» Work item
An exact copy of every entry is needed here; the images stay out.

» Data for this exercise
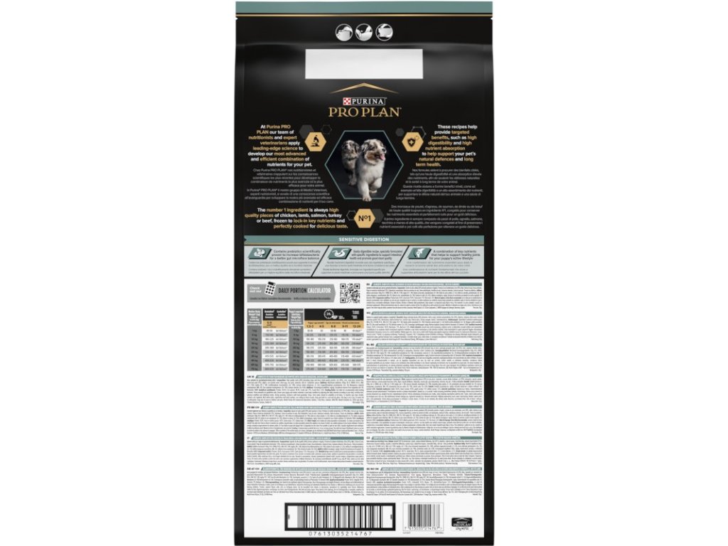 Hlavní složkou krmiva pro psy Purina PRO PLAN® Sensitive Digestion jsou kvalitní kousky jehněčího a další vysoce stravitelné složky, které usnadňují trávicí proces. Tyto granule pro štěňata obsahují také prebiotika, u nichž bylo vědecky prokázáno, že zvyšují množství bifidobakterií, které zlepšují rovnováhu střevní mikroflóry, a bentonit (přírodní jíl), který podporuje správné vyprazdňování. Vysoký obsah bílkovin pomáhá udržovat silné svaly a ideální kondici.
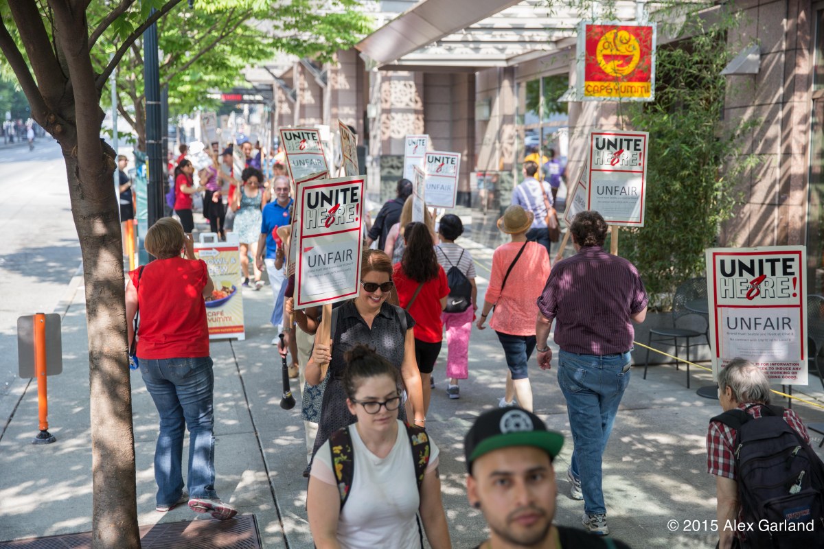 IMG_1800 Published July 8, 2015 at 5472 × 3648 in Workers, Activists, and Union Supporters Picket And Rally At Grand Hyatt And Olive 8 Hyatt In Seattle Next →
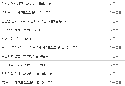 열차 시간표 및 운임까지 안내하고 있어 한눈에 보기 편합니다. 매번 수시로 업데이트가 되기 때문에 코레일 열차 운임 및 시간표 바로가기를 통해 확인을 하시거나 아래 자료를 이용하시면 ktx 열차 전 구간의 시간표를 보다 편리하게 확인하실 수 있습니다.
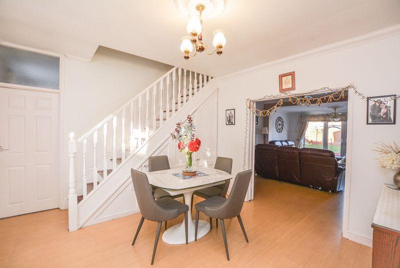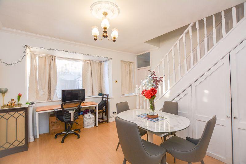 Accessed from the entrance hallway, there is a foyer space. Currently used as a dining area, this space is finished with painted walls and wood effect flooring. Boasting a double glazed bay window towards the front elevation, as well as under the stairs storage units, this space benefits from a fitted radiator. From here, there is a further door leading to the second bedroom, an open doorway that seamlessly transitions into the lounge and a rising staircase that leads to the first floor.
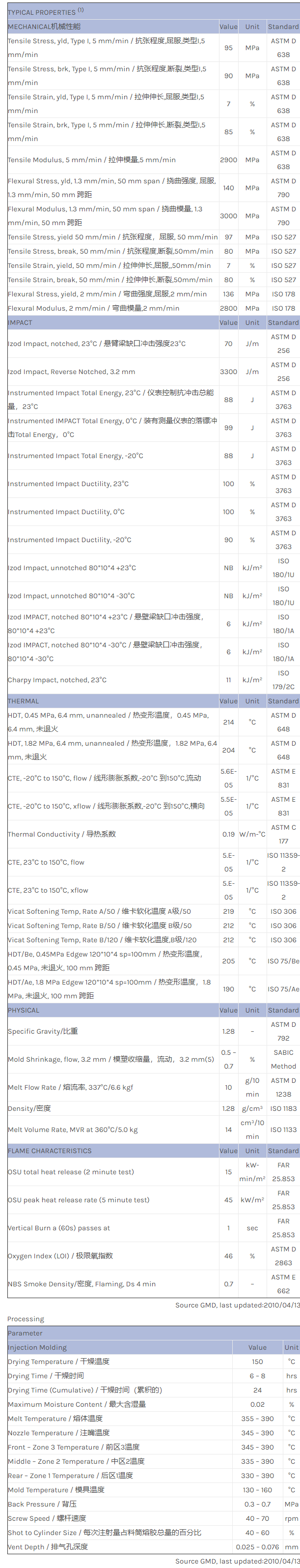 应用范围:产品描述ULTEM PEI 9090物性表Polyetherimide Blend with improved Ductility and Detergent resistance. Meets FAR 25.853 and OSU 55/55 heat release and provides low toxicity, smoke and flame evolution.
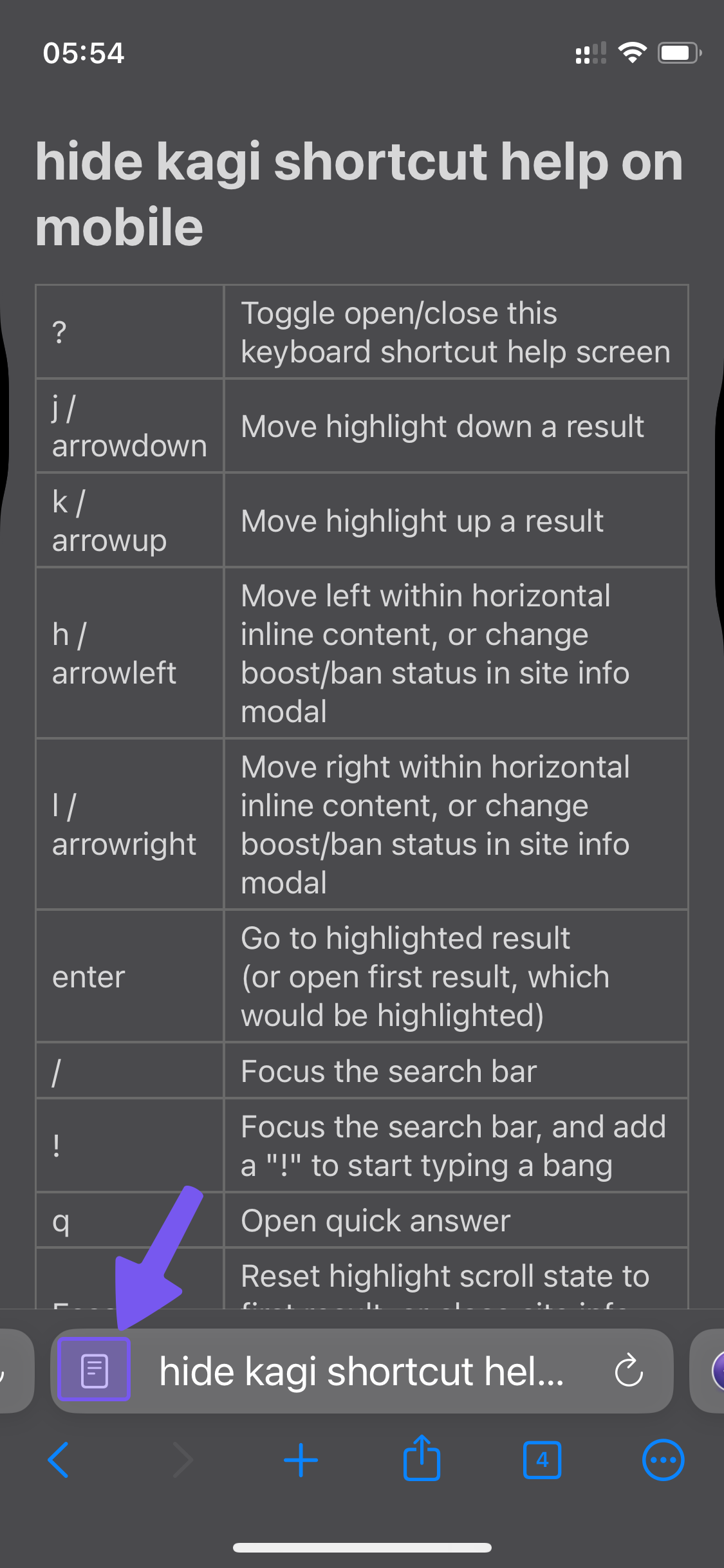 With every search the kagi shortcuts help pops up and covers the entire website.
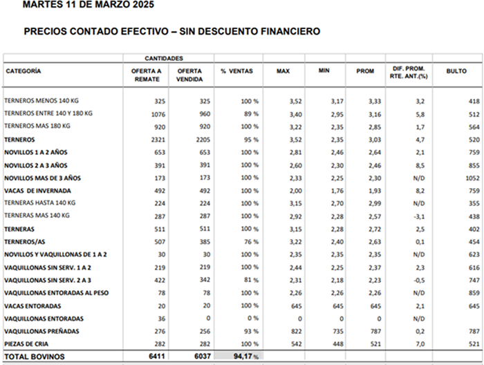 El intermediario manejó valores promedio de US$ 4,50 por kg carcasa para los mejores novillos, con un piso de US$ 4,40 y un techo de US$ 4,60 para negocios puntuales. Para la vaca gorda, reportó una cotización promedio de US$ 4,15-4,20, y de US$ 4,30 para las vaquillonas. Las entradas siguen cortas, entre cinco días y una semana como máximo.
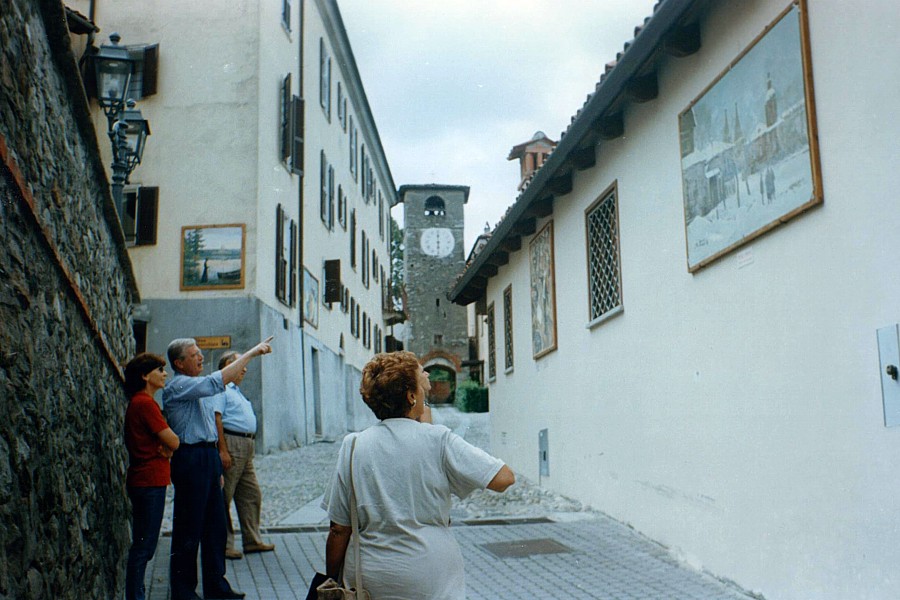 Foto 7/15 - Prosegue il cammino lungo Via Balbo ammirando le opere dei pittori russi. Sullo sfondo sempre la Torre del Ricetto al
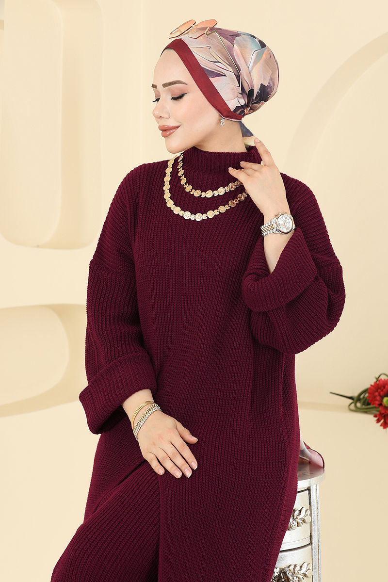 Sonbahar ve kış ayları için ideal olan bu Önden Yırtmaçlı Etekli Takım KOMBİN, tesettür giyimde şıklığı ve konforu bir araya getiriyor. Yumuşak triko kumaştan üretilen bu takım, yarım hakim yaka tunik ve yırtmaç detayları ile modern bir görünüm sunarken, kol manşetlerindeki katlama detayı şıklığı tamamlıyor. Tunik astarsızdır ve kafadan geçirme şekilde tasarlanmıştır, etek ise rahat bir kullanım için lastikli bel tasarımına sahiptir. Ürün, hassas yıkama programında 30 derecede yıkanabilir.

» Response area
 Hlavní složkou krmiva pro psy Purina PRO PLAN® Sensitive Digestion jsou kvalitní kousky jehněčího a další vysoce stravitelné složky, které usnadňují trávicí proces. Tyto granule pro štěňata obsahují také prebiotika, u nichž bylo vědecky prokázáno, že zvyšují množství bifidobakterií, které zlepšují rovnováhu střevní mikroflóry, a bentonit (přírodní jíl), který podporuje správné vyprazdňování. Vysoký obsah bílkovin pomáhá udržovat silné svaly a ideální kondici.
 IMG_1800 Published July 8, 2015 at 5472 × 3648 in Workers, Activists, and Union Supporters Picket And Rally At Grand Hyatt And Olive 8 Hyatt In Seattle Next →
 열차 시간표 및 운임까지 안내하고 있어 한눈에 보기 편합니다. 매번 수시로 업데이트가 되기 때문에 코레일 열차 운임 및 시간표 바로가기를 통해 확인을 하시거나 아래 자료를 이용하시면 ktx 열차 전 구간의 시간표를 보다 편리하게 확인하실 수 있습니다.
 Accessed from the entrance hallway, there is a foyer space. Currently used as a dining area, this space is finished with painted walls and wood effect flooring. Boasting a double glazed bay window towards the front elevation, as well as under the stairs storage units, this space benefits from a fitted radiator. From here, there is a further door leading to the second bedroom, an open doorway that seamlessly transitions into the lounge and a rising staircase that leads to the first floor.
 应用范围:产品描述ULTEM PEI 9090物性表Polyetherimide Blend with improved Ductility and Detergent resistance. Meets FAR 25.853 and OSU 55/55 heat release and provides low toxicity, smoke and flame evolution.
 With every search the kagi shortcuts help pops up and covers the entire website.
 El intermediario manejó valores promedio de US$ 4,50 por kg carcasa para los mejores novillos, con un piso de US$ 4,40 y un techo de US$ 4,60 para negocios puntuales. Para la vaca gorda, reportó una cotización promedio de US$ 4,15-4,20, y de US$ 4,30 para las vaquillonas. Las entradas siguen cortas, entre cinco días y una semana como máximo.
 Foto 7/15 - Prosegue il cammino lungo Via Balbo ammirando le opere dei pittori russi. Sullo sfondo sempre la Torre del Ricetto al
 Sonbahar ve kış ayları için ideal olan bu Önden Yırtmaçlı Etekli Takım KOMBİN, tesettür giyimde şıklığı ve konforu bir araya getiriyor. Yumuşak triko kumaştan üretilen bu takım, yarım hakim yaka tunik ve yırtmaç detayları ile modern bir görünüm sunarken, kol manşetlerindeki katlama detayı şıklığı tamamlıyor. Tunik astarsızdır ve kafadan geçirme şekilde tasarlanmıştır, etek ise rahat bir kullanım için lastikli bel tasarımına sahiptir. Ürün, hassas yıkama programında 30 derecede yıkanabilir.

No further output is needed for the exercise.